Description of the task:
Leave the images out, and copy each of the records below exactly.

Data excerpts:
'''

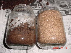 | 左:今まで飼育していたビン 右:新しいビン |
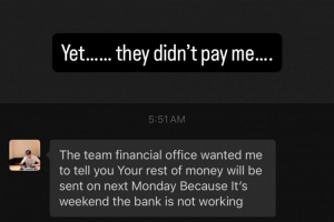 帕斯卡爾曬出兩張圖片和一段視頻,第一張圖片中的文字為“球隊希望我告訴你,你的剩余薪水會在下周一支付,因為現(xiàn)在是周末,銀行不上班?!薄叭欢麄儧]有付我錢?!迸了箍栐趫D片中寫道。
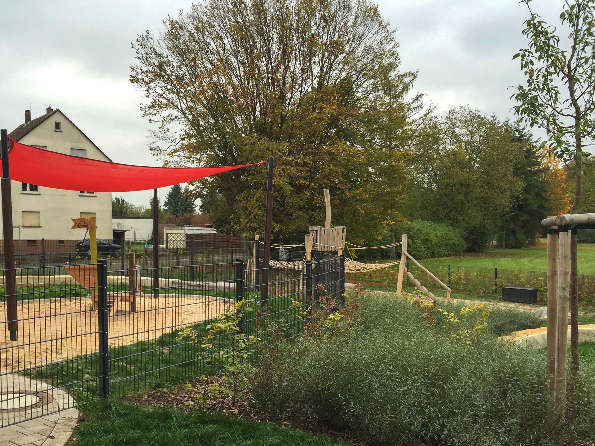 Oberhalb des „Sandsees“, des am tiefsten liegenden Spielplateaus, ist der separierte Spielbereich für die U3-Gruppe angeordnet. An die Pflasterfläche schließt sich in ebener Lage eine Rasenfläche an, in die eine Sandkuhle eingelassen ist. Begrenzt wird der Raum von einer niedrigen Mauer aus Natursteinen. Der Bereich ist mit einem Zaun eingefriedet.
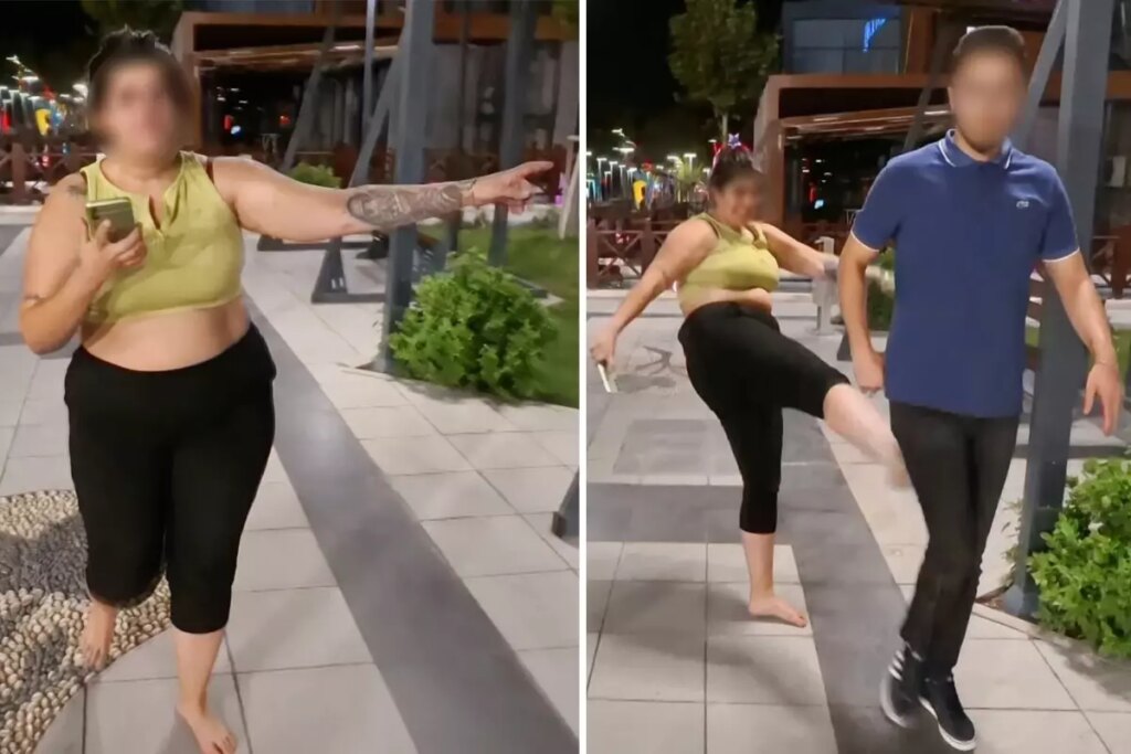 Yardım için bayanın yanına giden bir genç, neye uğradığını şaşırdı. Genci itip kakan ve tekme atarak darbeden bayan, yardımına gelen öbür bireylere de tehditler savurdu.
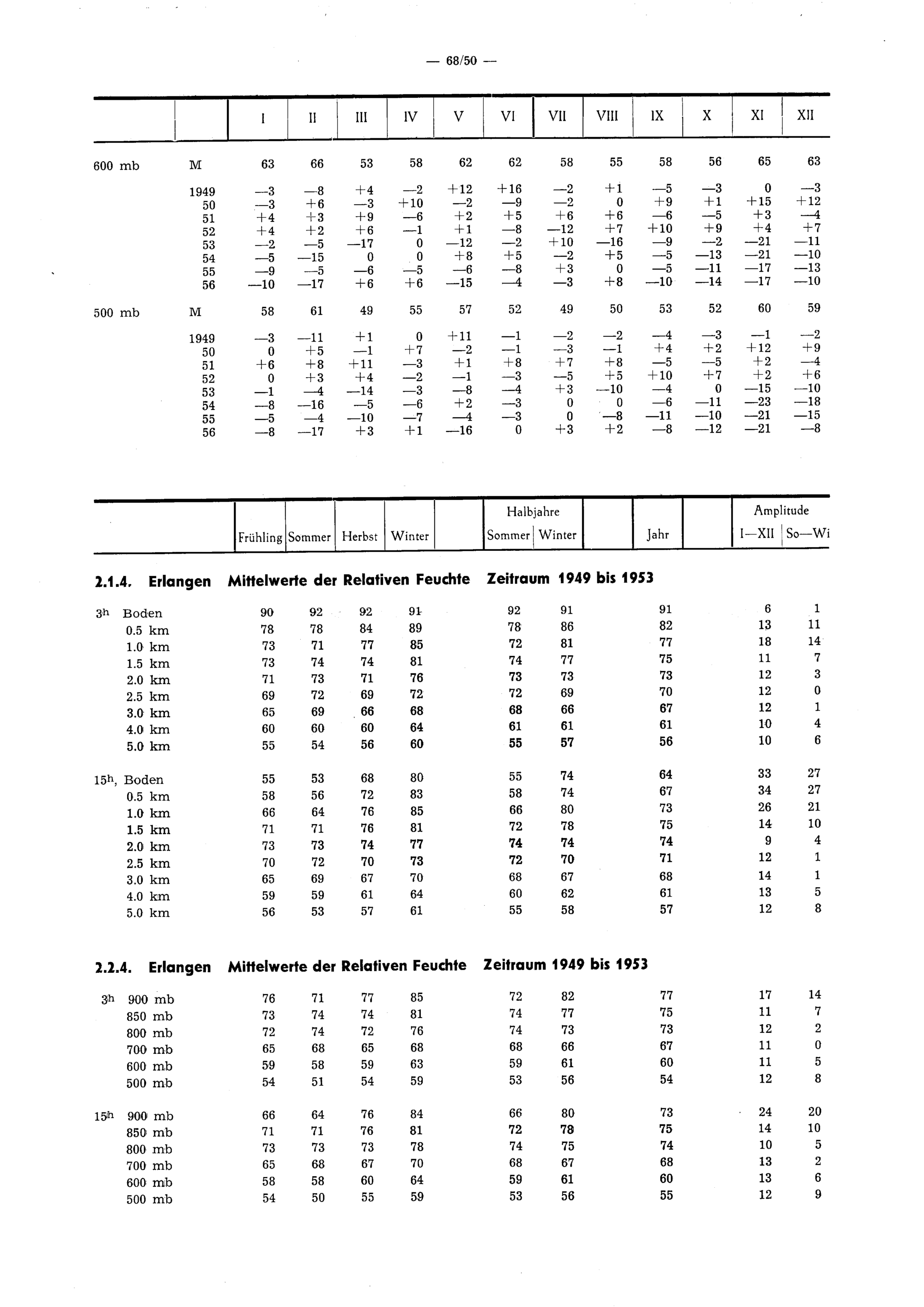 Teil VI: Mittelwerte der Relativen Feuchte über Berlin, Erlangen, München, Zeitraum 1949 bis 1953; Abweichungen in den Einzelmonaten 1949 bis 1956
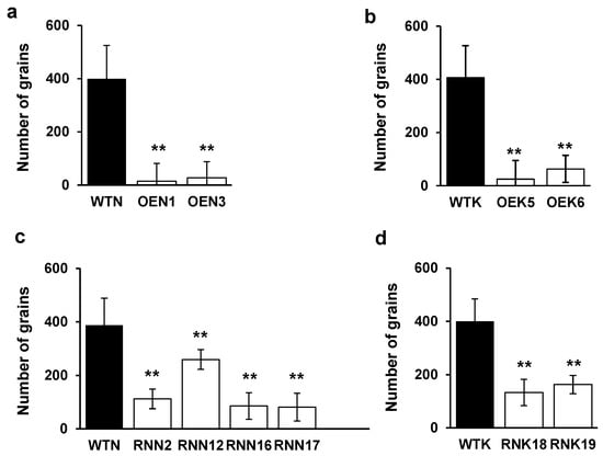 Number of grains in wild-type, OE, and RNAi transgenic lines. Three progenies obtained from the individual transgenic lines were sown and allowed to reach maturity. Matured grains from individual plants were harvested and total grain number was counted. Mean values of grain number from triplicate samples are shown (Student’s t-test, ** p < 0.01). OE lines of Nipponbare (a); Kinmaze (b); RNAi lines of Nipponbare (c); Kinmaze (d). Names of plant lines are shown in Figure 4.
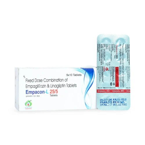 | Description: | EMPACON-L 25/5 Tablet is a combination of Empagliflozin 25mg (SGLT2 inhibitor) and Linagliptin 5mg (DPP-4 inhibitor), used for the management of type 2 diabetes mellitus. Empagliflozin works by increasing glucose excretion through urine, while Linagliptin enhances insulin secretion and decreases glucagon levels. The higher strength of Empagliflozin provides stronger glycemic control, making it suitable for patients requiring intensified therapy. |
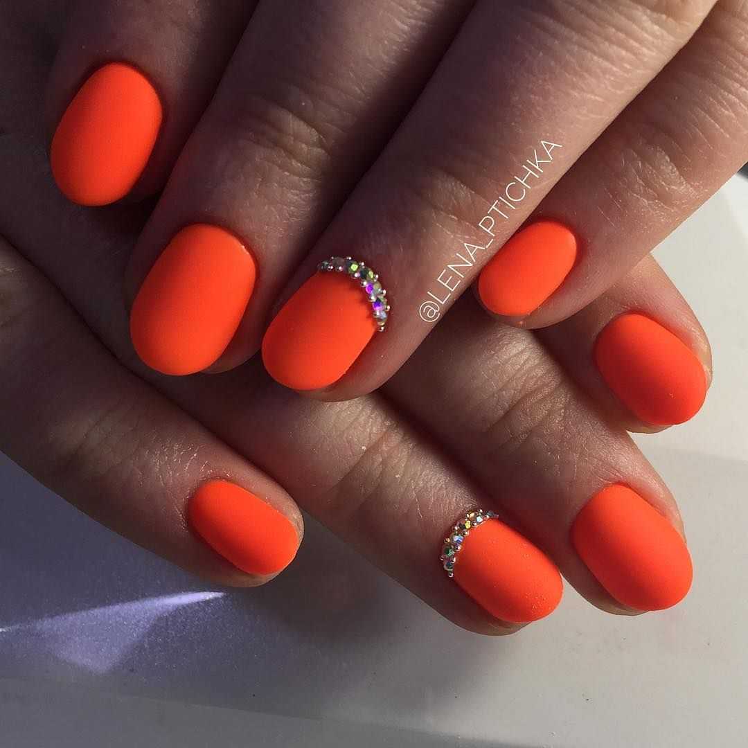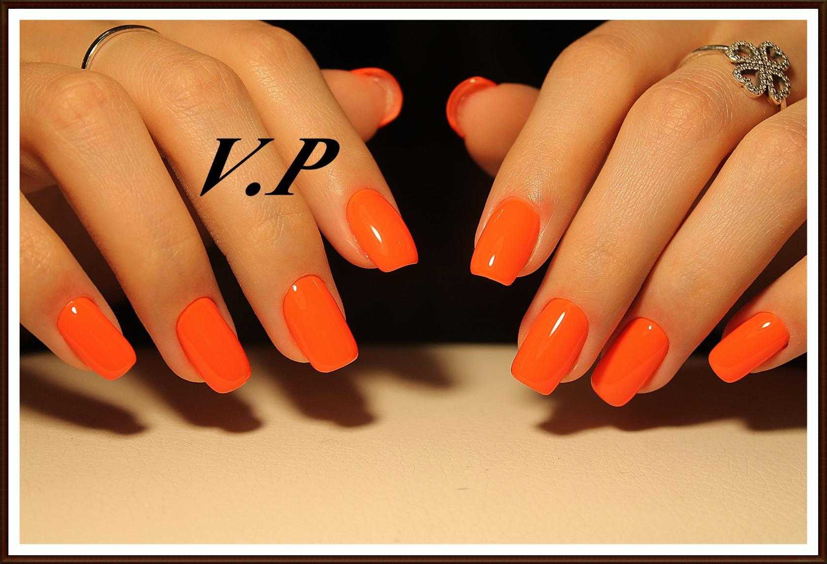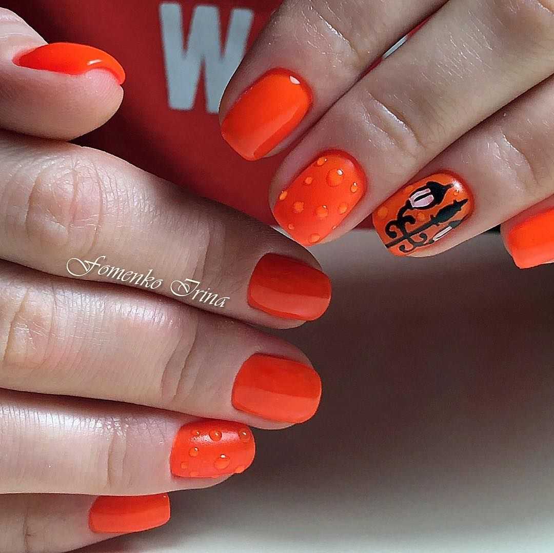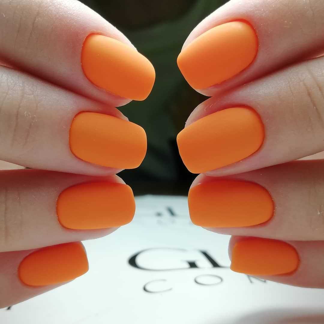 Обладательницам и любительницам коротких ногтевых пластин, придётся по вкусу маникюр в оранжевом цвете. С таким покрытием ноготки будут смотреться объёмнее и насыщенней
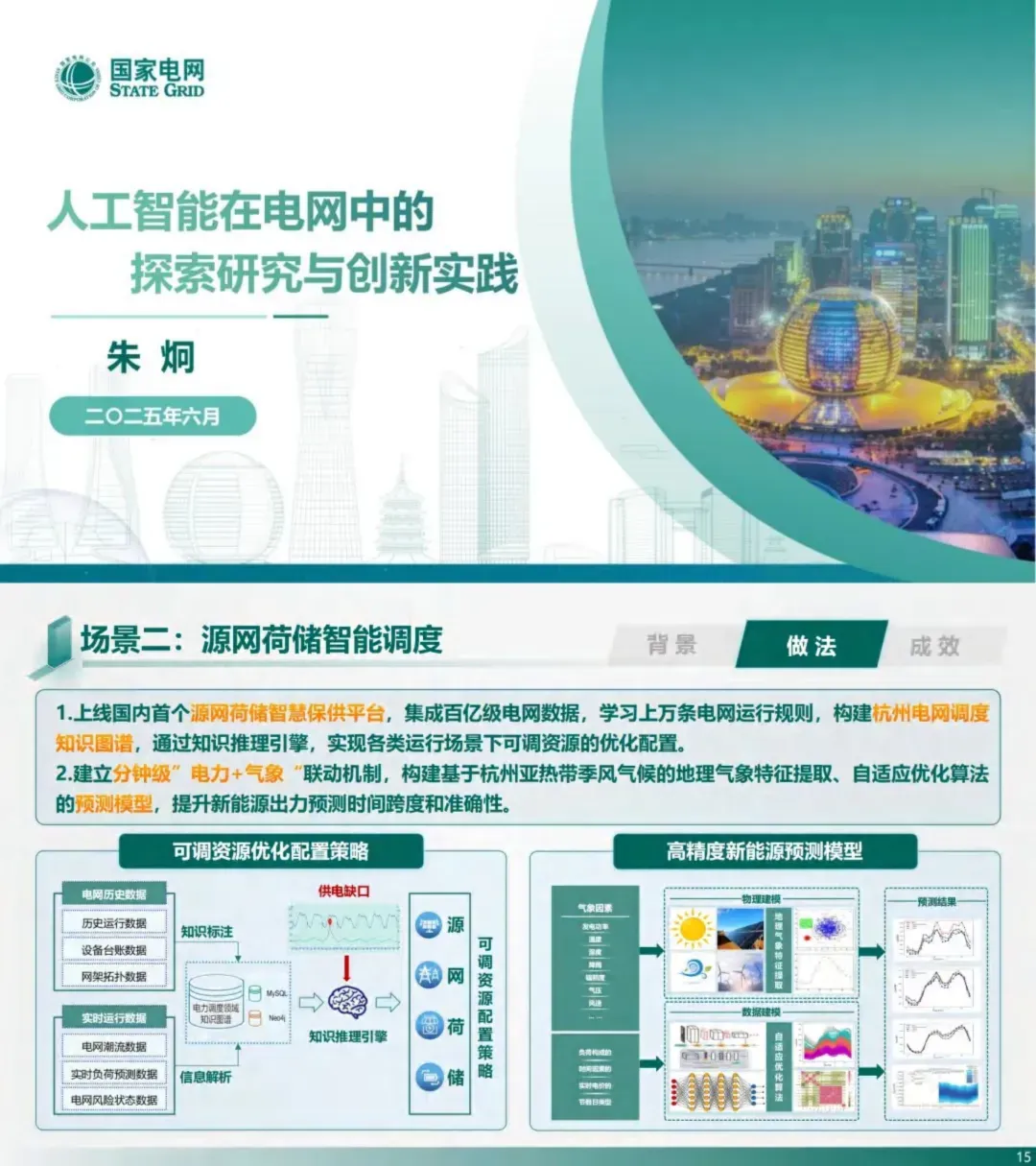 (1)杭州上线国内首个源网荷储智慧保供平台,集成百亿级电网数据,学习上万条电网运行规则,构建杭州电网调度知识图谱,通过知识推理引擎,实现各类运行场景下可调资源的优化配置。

'''

Output of the task:
 | 左:今まで飼育していたビン 右:新しいビン |
 帕斯卡爾曬出兩張圖片和一段視頻,第一張圖片中的文字為“球隊希望我告訴你,你的剩余薪水會在下周一支付,因為現(xiàn)在是周末,銀行不上班?!薄叭欢麄儧]有付我錢?!迸了箍栐趫D片中寫道。
 Oberhalb des „Sandsees“, des am tiefsten liegenden Spielplateaus, ist der separierte Spielbereich für die U3-Gruppe angeordnet. An die Pflasterfläche schließt sich in ebener Lage eine Rasenfläche an, in die eine Sandkuhle eingelassen ist. Begrenzt wird der Raum von einer niedrigen Mauer aus Natursteinen. Der Bereich ist mit einem Zaun eingefriedet.
 Yardım için bayanın yanına giden bir genç, neye uğradığını şaşırdı. Genci itip kakan ve tekme atarak darbeden bayan, yardımına gelen öbür bireylere de tehditler savurdu.
 Teil VI: Mittelwerte der Relativen Feuchte über Berlin, Erlangen, München, Zeitraum 1949 bis 1953; Abweichungen in den Einzelmonaten 1949 bis 1956
 Number of grains in wild-type, OE, and RNAi transgenic lines. Three progenies obtained from the individual transgenic lines were sown and allowed to reach maturity. Matured grains from individual plants were harvested and total grain number was counted. Mean values of grain number from triplicate samples are shown (Student’s t-test, ** p < 0.01). OE lines of Nipponbare (a); Kinmaze (b); RNAi lines of Nipponbare (c); Kinmaze (d). Names of plant lines are shown in Figure 4.
 | Description: | EMPACON-L 25/5 Tablet is a combination of Empagliflozin 25mg (SGLT2 inhibitor) and Linagliptin 5mg (DPP-4 inhibitor), used for the management of type 2 diabetes mellitus. Empagliflozin works by increasing glucose excretion through urine, while Linagliptin enhances insulin secretion and decreases glucagon levels. The higher strength of Empagliflozin provides stronger glycemic control, making it suitable for patients requiring intensified therapy. |
 Обладательницам и любительницам коротких ногтевых пластин, придётся по вкусу маникюр в оранжевом цвете. С таким покрытием ноготки будут смотреться объёмнее и насыщенней
 (1)杭州上线国内首个源网荷储智慧保供平台,集成百亿级电网数据,学习上万条电网运行规则,构建杭州电网调度知识图谱,通过知识推理引擎,实现各类运行场景下可调资源的优化配置。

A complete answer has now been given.